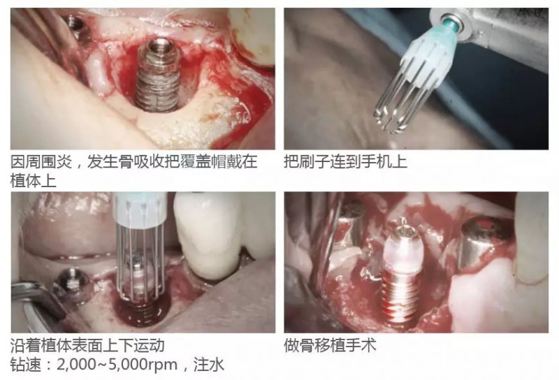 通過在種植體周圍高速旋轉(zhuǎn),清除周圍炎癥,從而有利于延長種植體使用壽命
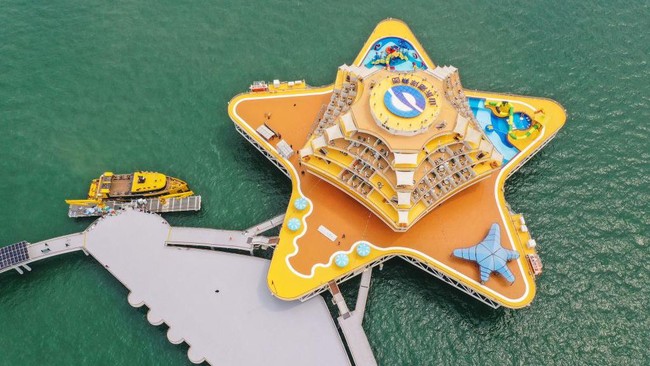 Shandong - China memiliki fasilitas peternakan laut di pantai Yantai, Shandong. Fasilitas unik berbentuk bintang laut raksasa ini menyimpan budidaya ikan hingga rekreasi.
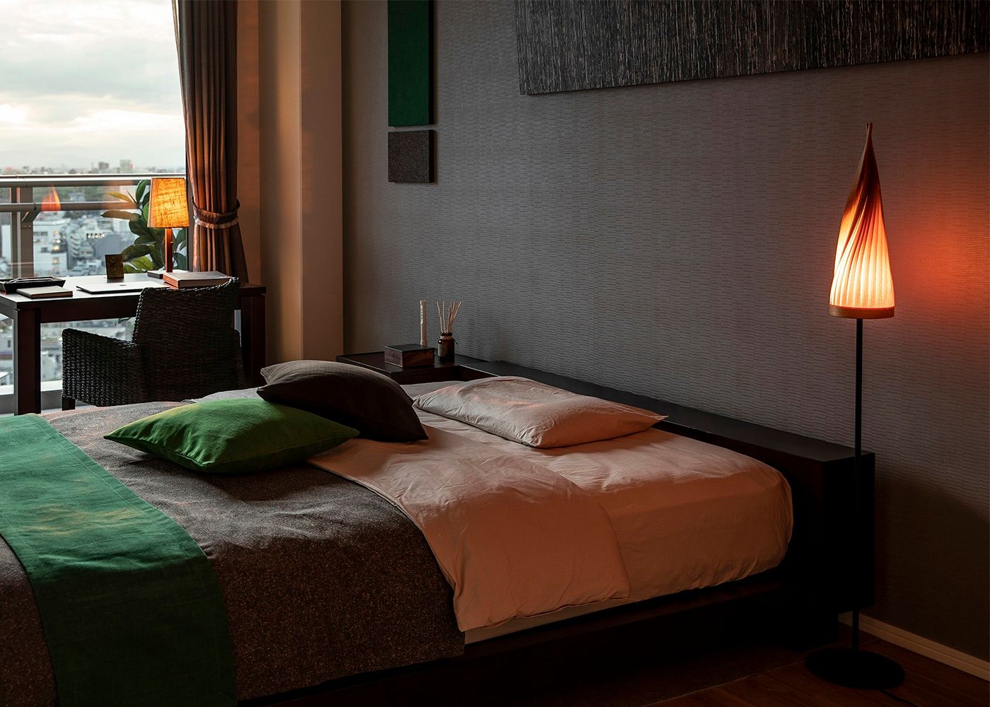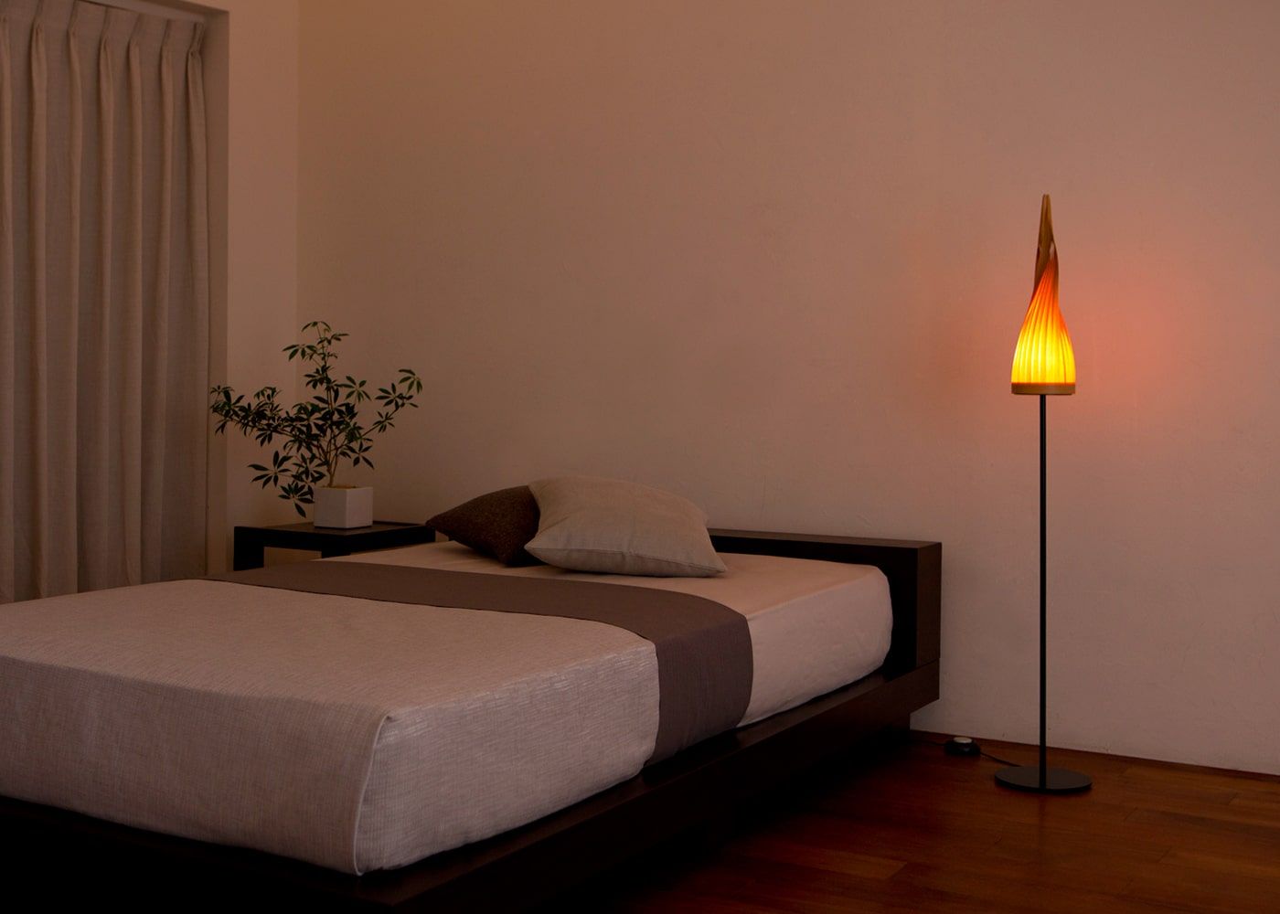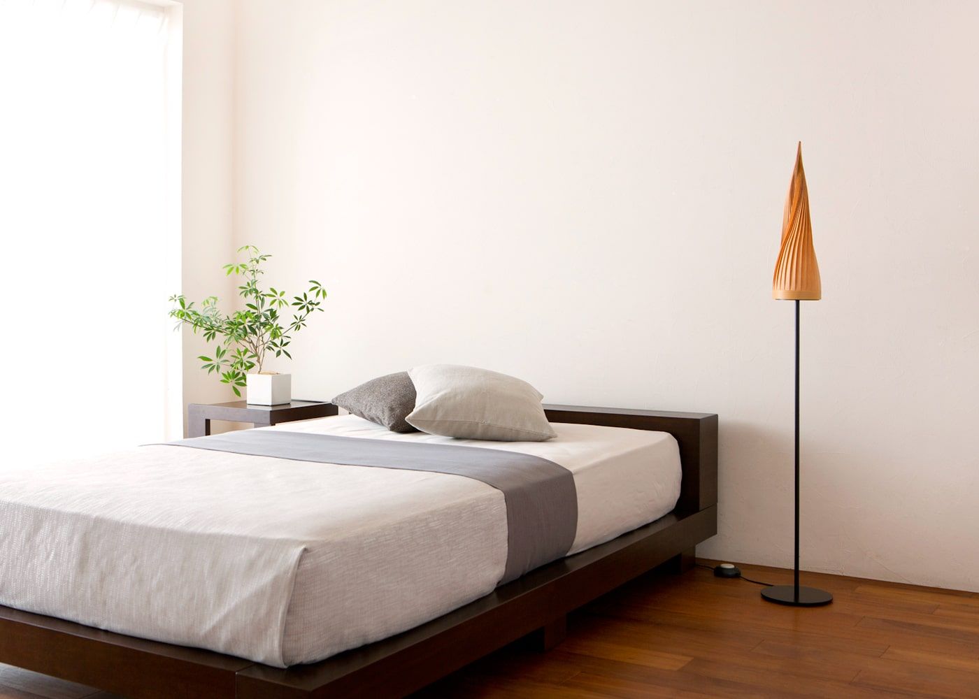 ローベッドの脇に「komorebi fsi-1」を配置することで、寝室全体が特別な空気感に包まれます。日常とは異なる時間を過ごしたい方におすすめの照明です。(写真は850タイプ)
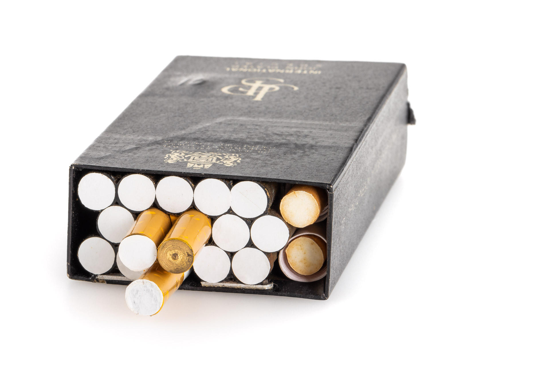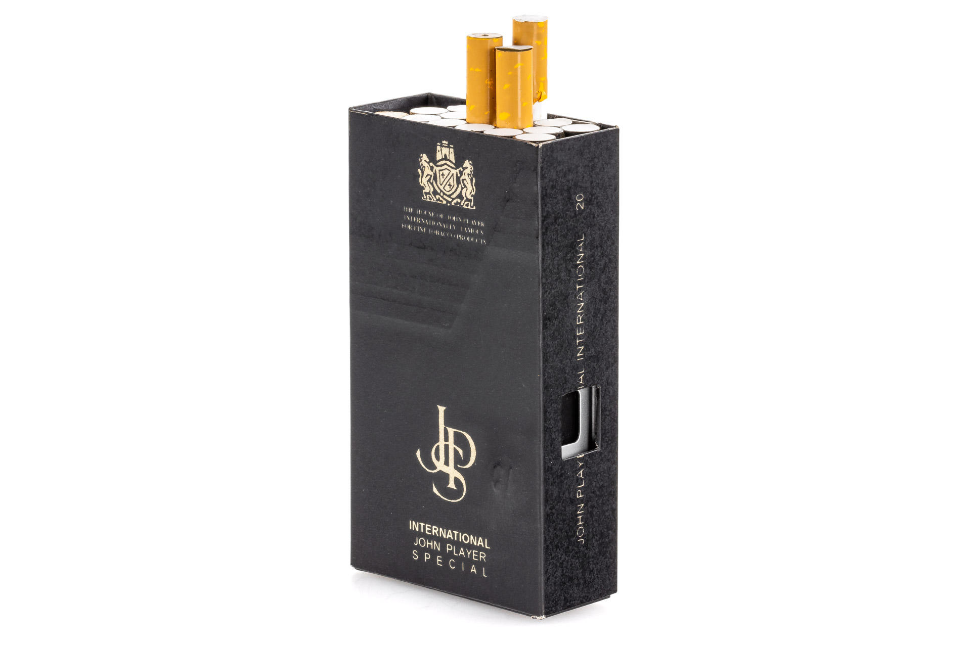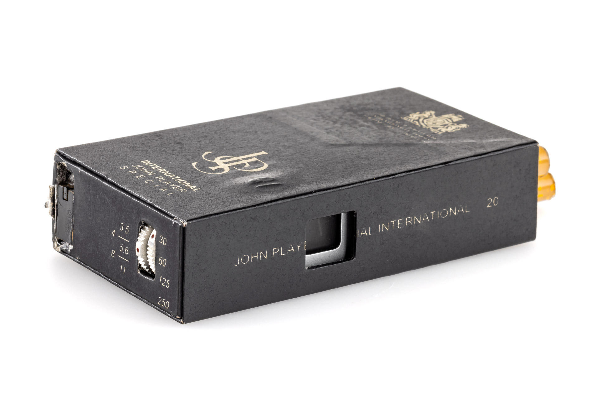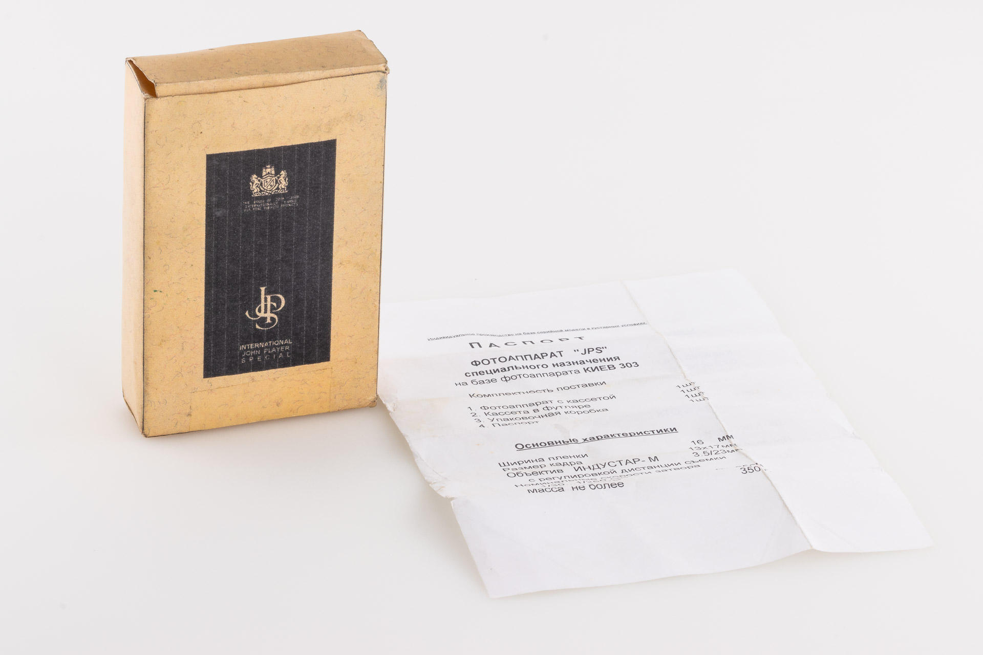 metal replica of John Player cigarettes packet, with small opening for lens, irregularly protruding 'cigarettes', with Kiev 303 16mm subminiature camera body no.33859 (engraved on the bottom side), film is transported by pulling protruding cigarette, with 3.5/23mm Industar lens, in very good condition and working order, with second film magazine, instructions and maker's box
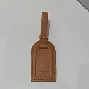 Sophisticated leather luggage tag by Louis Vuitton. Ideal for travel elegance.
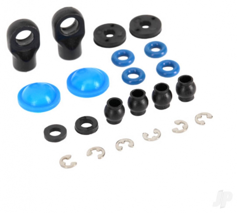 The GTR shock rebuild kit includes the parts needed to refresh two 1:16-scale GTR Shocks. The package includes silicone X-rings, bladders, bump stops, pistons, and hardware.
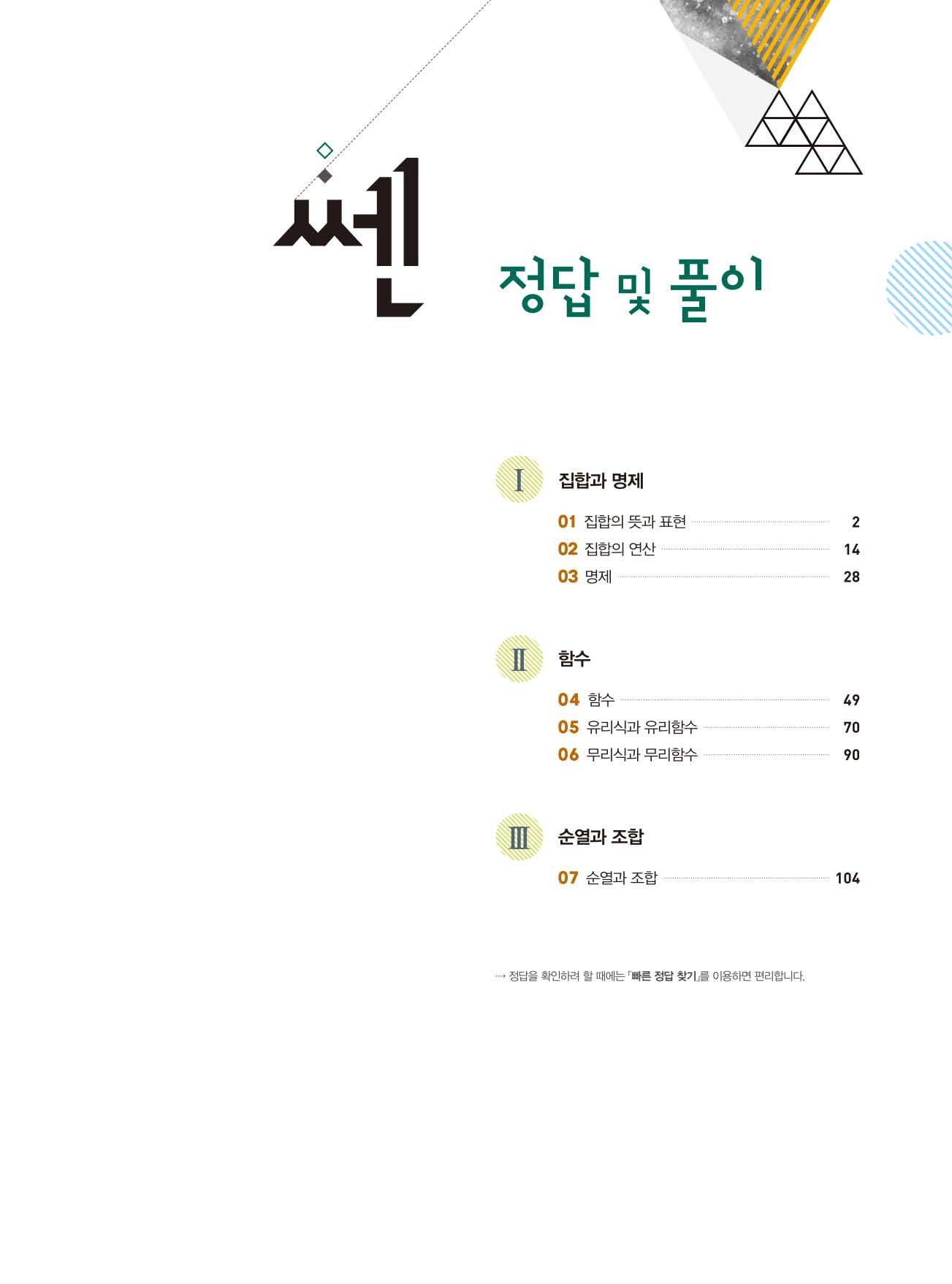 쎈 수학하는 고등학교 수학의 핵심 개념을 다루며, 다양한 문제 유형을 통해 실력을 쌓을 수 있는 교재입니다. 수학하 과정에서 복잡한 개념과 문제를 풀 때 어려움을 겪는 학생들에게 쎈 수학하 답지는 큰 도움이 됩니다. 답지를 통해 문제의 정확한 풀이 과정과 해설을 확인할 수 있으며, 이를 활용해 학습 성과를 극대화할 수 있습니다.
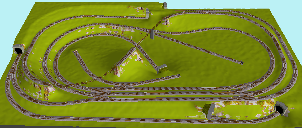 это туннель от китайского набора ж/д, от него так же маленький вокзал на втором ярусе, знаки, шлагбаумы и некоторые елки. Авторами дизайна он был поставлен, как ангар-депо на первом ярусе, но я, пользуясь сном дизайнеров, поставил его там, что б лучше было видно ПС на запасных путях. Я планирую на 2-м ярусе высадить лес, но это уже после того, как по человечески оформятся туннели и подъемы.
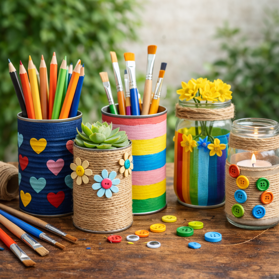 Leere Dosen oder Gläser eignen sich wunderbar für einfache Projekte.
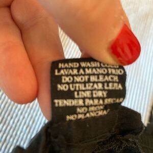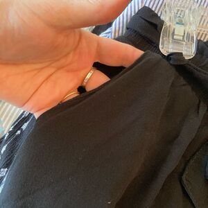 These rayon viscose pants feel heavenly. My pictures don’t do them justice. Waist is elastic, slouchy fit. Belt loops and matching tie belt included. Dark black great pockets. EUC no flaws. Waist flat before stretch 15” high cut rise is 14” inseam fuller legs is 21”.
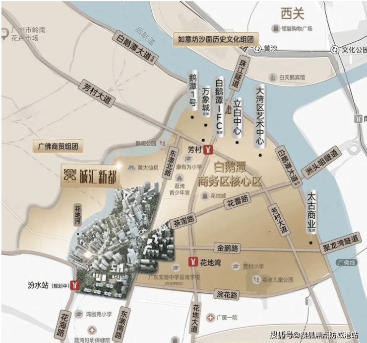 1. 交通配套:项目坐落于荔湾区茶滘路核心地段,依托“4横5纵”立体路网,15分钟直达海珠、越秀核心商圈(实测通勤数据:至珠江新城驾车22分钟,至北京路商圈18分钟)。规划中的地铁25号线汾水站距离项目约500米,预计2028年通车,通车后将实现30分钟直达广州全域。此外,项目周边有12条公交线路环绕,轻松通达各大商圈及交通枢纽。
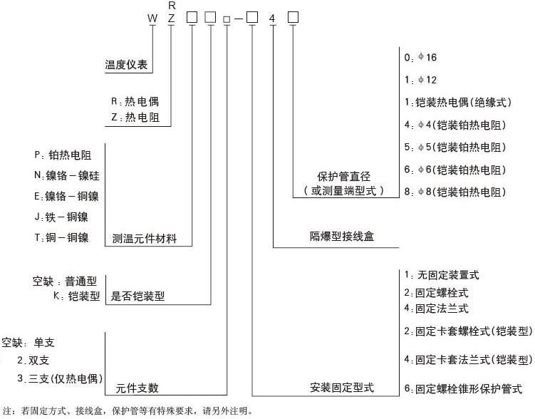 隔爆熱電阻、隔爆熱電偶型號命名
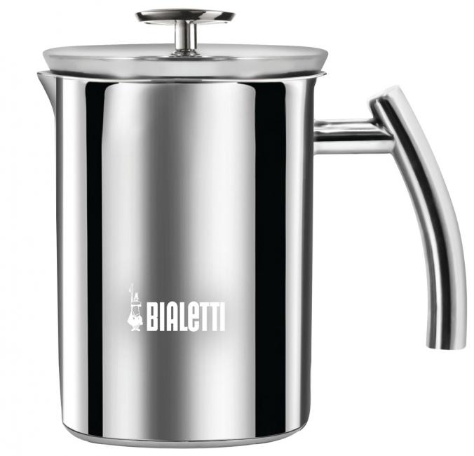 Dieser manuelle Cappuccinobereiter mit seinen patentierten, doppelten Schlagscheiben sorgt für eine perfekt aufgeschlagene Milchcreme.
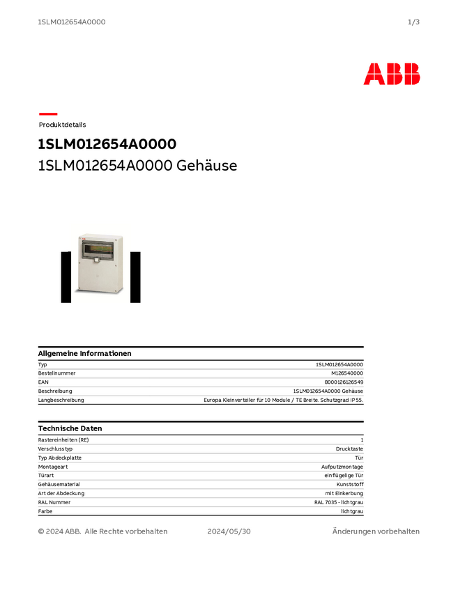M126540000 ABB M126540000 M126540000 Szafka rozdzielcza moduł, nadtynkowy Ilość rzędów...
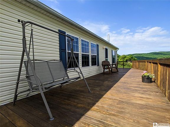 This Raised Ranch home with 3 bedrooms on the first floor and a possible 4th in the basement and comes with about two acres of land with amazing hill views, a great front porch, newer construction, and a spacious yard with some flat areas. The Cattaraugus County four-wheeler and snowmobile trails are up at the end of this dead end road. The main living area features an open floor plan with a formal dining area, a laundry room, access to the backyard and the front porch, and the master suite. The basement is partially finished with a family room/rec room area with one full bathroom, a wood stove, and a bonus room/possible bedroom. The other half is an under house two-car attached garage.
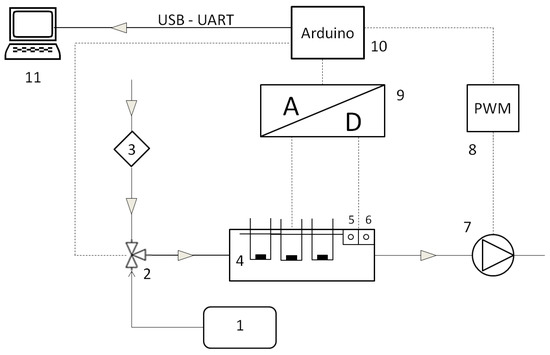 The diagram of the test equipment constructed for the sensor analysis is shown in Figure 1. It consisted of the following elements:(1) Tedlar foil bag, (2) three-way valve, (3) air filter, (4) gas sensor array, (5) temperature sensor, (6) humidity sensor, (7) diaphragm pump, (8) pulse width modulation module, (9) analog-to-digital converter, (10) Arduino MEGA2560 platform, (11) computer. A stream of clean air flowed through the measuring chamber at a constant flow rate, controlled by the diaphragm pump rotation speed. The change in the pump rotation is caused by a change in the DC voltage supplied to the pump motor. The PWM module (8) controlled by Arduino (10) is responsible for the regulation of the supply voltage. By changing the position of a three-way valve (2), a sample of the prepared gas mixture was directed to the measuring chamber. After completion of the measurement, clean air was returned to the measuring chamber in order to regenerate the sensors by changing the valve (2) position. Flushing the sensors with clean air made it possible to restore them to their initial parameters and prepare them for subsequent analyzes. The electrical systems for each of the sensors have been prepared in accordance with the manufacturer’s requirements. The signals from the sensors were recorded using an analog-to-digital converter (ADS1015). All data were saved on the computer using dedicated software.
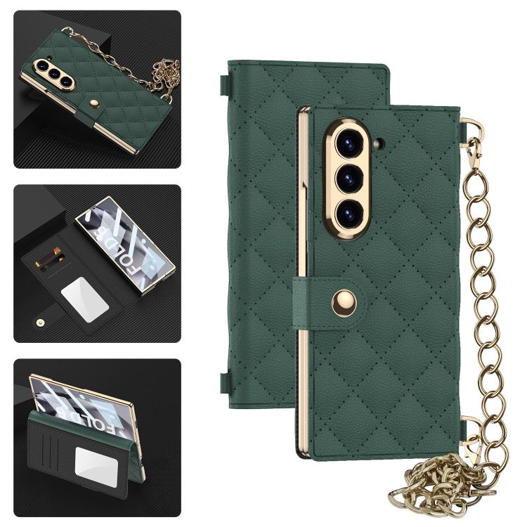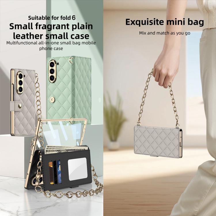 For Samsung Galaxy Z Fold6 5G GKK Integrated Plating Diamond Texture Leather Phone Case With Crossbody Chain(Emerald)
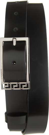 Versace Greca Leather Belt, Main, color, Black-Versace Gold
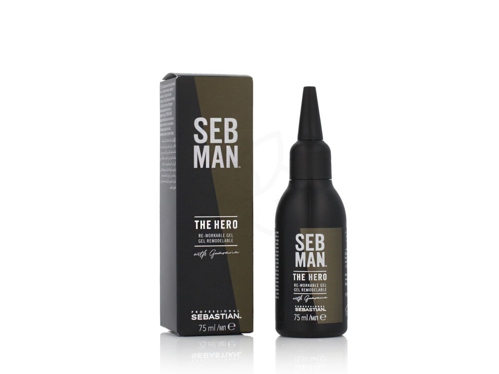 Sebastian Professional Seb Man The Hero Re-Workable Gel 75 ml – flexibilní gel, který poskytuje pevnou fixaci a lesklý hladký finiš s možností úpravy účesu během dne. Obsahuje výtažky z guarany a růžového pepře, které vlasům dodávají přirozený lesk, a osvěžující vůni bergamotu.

ABOUT THIS EXERCISE »
Above, find the line with "это туннель от"; copy it and every line down to the line with "These rayon viscose", exactly and both included, but no pictures.

OUTPUT FOR THIS EXERCISE »
 это туннель от китайского набора ж/д, от него так же маленький вокзал на втором ярусе, знаки, шлагбаумы и некоторые елки. Авторами дизайна он был поставлен, как ангар-депо на первом ярусе, но я, пользуясь сном дизайнеров, поставил его там, что б лучше было видно ПС на запасных путях. Я планирую на 2-м ярусе высадить лес, но это уже после того, как по человечески оформятся туннели и подъемы.
 Leere Dosen oder Gläser eignen sich wunderbar für einfache Projekte.
 These rayon viscose pants feel heavenly. My pictures don’t do them justice. Waist is elastic, slouchy fit. Belt loops and matching tie belt included. Dark black great pockets. EUC no flaws. Waist flat before stretch 15” high cut rise is 14” inseam fuller legs is 21”.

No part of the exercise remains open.